Hey folk, been a while since last time I paint. Is it me or the current paints on the market sag and run quite easily? I was cutting the wall w/ shield and spray another day. Didn't think I did anything wrong but noticed majority of the paint runs like crazy. Is this a normal stuff nowadays w/ ultra low voc, eco friendly paint?


----------



## chrisn (Jul 15, 2007)

Depends on what you are using, I hate to ask.


----------



## daArch (Mar 15, 2008)

Softy said:


> Hey folk, been a while since last time I paint. Is it me or the current paints on the market sag and run quite easily? I was cutting the wall w/ shield and spray another day. Didn't think I did anything wrong but noticed majority of the paint runs like crazy. Is this a normal stuff nowadays w/ ultra low voc, eco friendly paint?


Paints are forever evolving. And different products behave differently. Many have steep learning curves, many don't.


----------



## Epoxy Pro (Oct 7, 2012)

Since using BM Advanced more and more we had to relearn how we applied it. Spraying, brushing some times would run. 

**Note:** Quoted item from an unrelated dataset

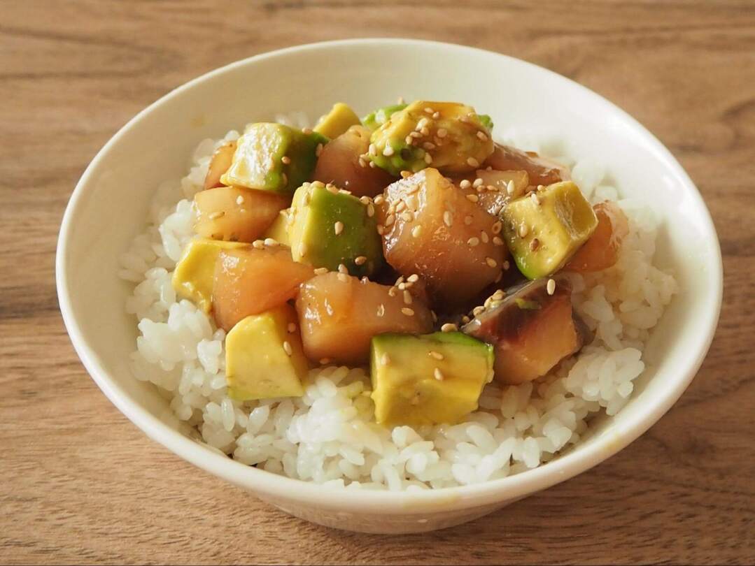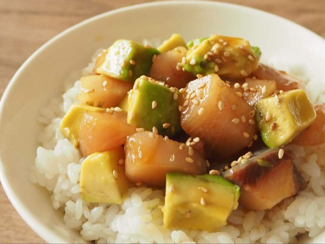 まずは生でおいしく味わえるメニューから。まぐろで作ることの多いハワイのポキ丼をぶりで作りました。ぶりには彩りと味の相性の良いアボカドを合わせてみました。しょうゆベースのたれにごま油、いりごまを合わせてぶりとアボカドをさっと和えてごはんの上にのせるだけ。

Spraying we turned down our compressor a little, tweaked the gun a tad, brushing we made sure to look back at what we just did to catch runs. Some times it's hard to catch them all.


----------



## Seth The Painter (Jun 24, 2015)

:what:Whenever you use a new paint you have to relax and take it easy. It's like learning to ride a bike. Slow at first then your doing wheelies and jumping the curb and stuff!


----------



## MikeCalifornia (Aug 26, 2012)

I've been using quite a bit of DE lately, what was the product? I've used Everest, Suprema, Spartazero, Evershield, and Aristowall. Spartazero was the only one that did want to run after brushing but after a few strokes I figured it out. At $18 for ES its a steal.


----------



## DirtyPainter (Oct 18, 2013)

I'm with Mike, my guys or I don't have any issues and it's what we use 97% of the time. How's the temp? Humidity? Is there any ventilation/circulation? 


Sent from my iPhone using Tapatalk


----------



## Gurnoe (Sep 5, 2015)

MikeCalifornia said:


> I've been using quite a bit of DE lately, what was the product? I've used Everest, Suprema, Spartazero, Evershield, and Aristowall. Spartazero was the only one that did want to run after brushing but after a few strokes I figured it out. At $18 for ES its a steal.


No joke that is a steal at $18/gal


----------